— Господа, довольно! — говорил он в одной компании, играя в банк третьи сутки, — всякая шутка должна иметь свой конец. Я прошу вас больше не упоминать при мне об этой истории. Она обижает и меня, и мой чин, и мое положение в свете. Я уже вышел из поры дюжинного волокитства… Я, господа, не черкес и не юнкер, а Владимир Алексеевич Панчуковский!
Если бы кто захотел, однако же, подлинно узнать о судьбе Оксаны, тому стоило только обратиться с вопросами к старому «чабану» на арендном хуторе полковника. В день, когда Панчуковский, проводив после торгов с хутора колониста, вошел за перегородку своей пустки, чабан к вечеру услышал невыразимые крики. Чей-то сперва сильный и громкий, потом тихий и слабый голос молил о пощаде…
Старый чабан, больной и дряхлый человек, а некогда музыкант, вторая скрипка какого-то князя, из беглых, собирался уже богу молиться после ужина и ложиться спать, как, наконец, обратил внимание на эти крики. Он вышел из своей хаты, постоял, послушал, и давно замершее сердце с силой застучало в его груди. Он сходил к овцам, воротился, крики стали смолкать. Кучер барина и другой батрак, наделенные, по обещанию, суммой на выпивку, весело ушли в овраг с квартою водки, привезенной с торгов. Старик стоял один. «Не мне, видно, старому забродчику, — подумал он, — не мне одному не было счастья на свете! То еще чья-то доля пропадает, коли не пропала!» Сел, уронил седую голову на колени и заплакал. А ночь была так же восхитительна, и по-прежнему чудные, таинственные, обворожительные шорохи носились в воздухе окольных степей…
К ночи крики и голоса в пустке смолкли. А наутро полковник вышел веселый, как-то богатырски-смелый, дал ближайшей прислуге опять на магарыч, Самуйлика оставил, а с батраком уехал. Немного погодя наехал в эту неответную глушь, четверней в карете, будто барина привез, один Абдулка, побыл тут часа с три и к вечеру выехал. В карете окна были завешены. Чабан это видел с поля. «Не наше дело! — думал он, — не наше!» И тихо допасал свое стадо, тыкая палкою в траву, и, соображая, повторял, по обычаю, со скуки, счет прожитых им горемычных годов.
Полковник отлично устроился. Пленница его долго не смирялась, но потом, так же как и все на свете, смирилась. Кого не проберет железный коготь неволи и заточения? Ее поместили в уединенной комнатке дома Новой Диканьки, на мезонине. Разумеется, за нею ходила баба Домаха, и как кормила собак на привязи и кур по двору, с таким же молчаливым добродушием хлопотала она и возле убивавшейся господской пленницы.

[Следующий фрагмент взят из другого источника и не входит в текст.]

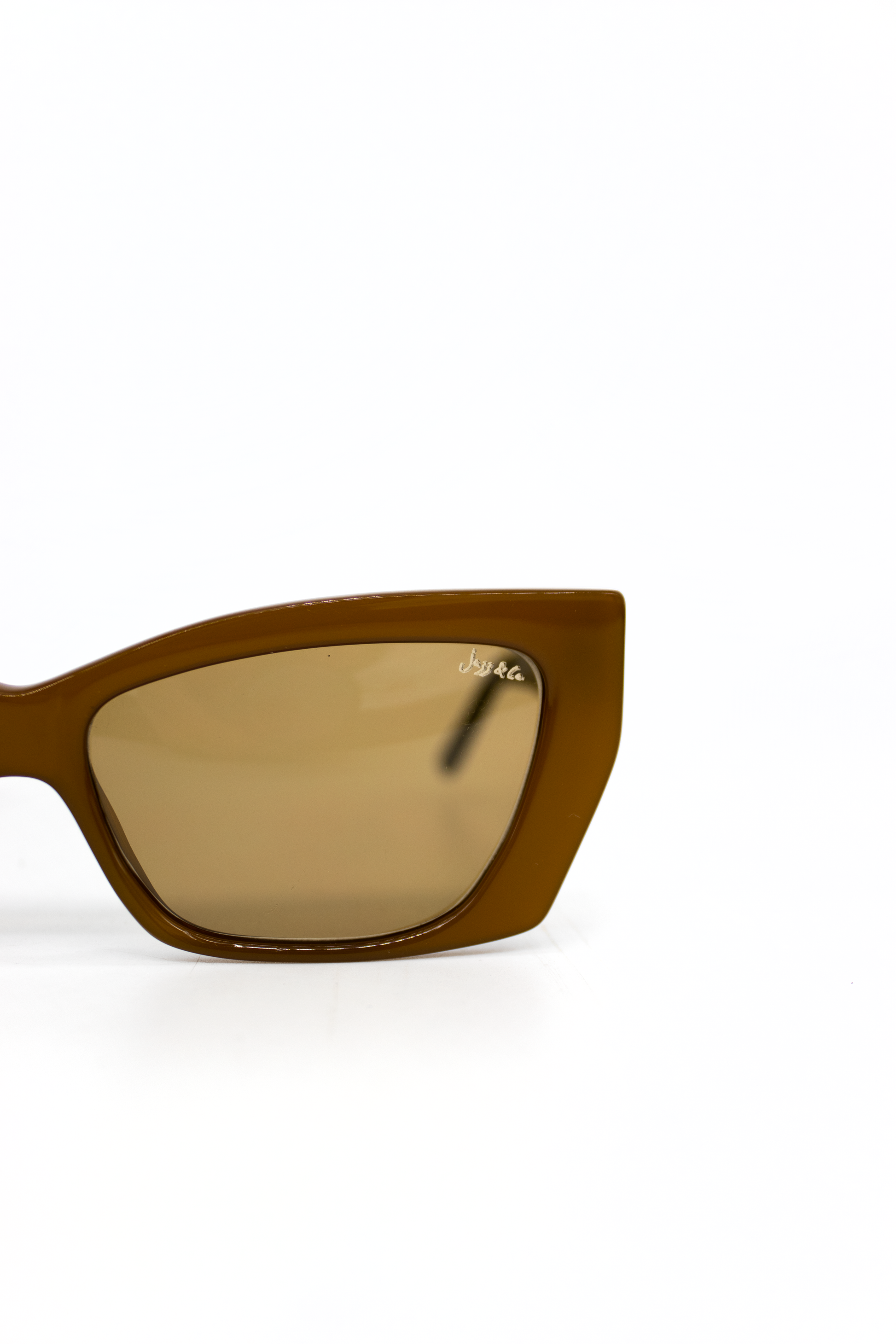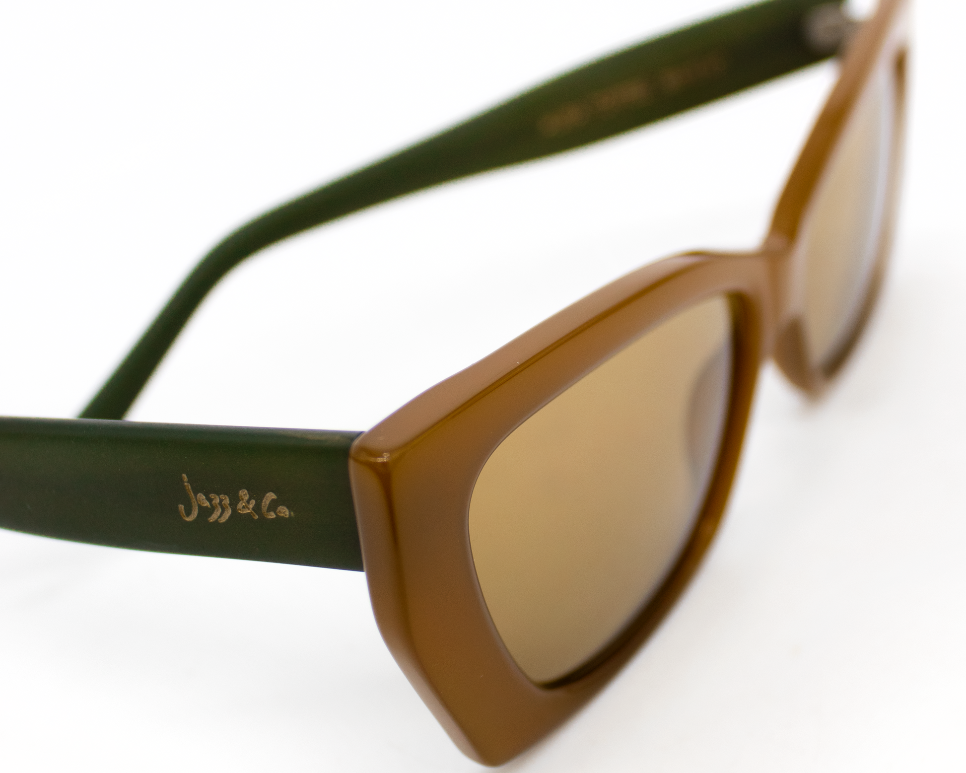 Celebrando o contraste e a sofisticação tropical, o Aura Toffee traduz a elegância de quem enxerga o design como extensão da própria narrativa. Suas curvas firmes e vértices sutis revelam uma presença visual confiante, enquanto o logo dourado Jazz & Co. nas hastes reforça a assinatura de um olhar com identidade e propósito.

— Что ты, мое сердце, стонешь все? глянь: вон тебе ленты новые купили, кофту суконную, юбки пошили! Чего плакать? И-и! в наши годы мы не то сносили! — говорила иной раз Домаха, взбираясь на вышку к Оксане.

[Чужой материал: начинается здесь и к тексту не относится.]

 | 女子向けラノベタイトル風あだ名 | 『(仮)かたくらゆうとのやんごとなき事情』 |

— Душно, бабо! нельзя тут быть под этою крышею! От железа пар такой, духота как в бане, — и это с утра до ночи, целую ночь мечешься! Хоть бы посвежее…

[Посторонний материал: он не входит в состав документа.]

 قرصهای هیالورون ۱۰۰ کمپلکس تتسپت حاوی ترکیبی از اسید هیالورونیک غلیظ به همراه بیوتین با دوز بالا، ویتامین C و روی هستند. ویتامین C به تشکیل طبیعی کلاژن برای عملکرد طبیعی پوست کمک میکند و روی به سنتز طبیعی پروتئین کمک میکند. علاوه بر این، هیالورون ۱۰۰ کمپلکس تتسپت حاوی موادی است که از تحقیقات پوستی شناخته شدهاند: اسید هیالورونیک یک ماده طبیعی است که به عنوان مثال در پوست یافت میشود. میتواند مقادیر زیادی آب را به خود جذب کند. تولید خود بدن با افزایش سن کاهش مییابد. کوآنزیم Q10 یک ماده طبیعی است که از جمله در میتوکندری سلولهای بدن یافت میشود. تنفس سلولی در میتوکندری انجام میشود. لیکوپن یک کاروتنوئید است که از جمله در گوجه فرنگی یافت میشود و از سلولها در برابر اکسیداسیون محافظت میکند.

— Так зачем же ты противишься, неласкова к нему? Тебя и держит под замком. А то пошла бы себе уточкою по свободе.
Оксана отмалчивалась и только плакала.
— Да вы, бабо, хоть окошко мне отворите!
— Слуховое? Другого нет.
— Да хоть слуховое, для воздуху.
— Эге! А как выскочишь с крыши да сдуру еще расшибешься? На то оно и забито у нас железом, тут прежде панская казна, сказывают, была. Около двери и сундук стоял.
— Куда мне разбиваться и скакать с крыши! Пропала уж теперь совсем моя голова; куда мне идти? все от меня откажутся; и то я была сирота, а теперь чем стала?
Домаха качала головой.
— Сердце мое, сердце, одумайся! На что оно-то, что ты говоришь! Пан у нас добрый; побудь с ним годок-другой, он тебя в золото оденет. Вон и я была молода, наш барин сперва меня было отличил, а там и до дочек моих добрался. Так что ж? Поплакала, да и замолчала! Сказано, переможется…
— А зачем же вы, бабо, бежали да уж столько лет тут мыкаетесь в бурлаках, на чужбине?
— Э! про то уж я знаю!.. Видишь, сердце, скажу я тебе, пожалуй: я пана нашего любила и во всем ему была покорна; да пани наша старая меня допекла, как помер он, — от нее я и бежала… Я и бежала, сердце!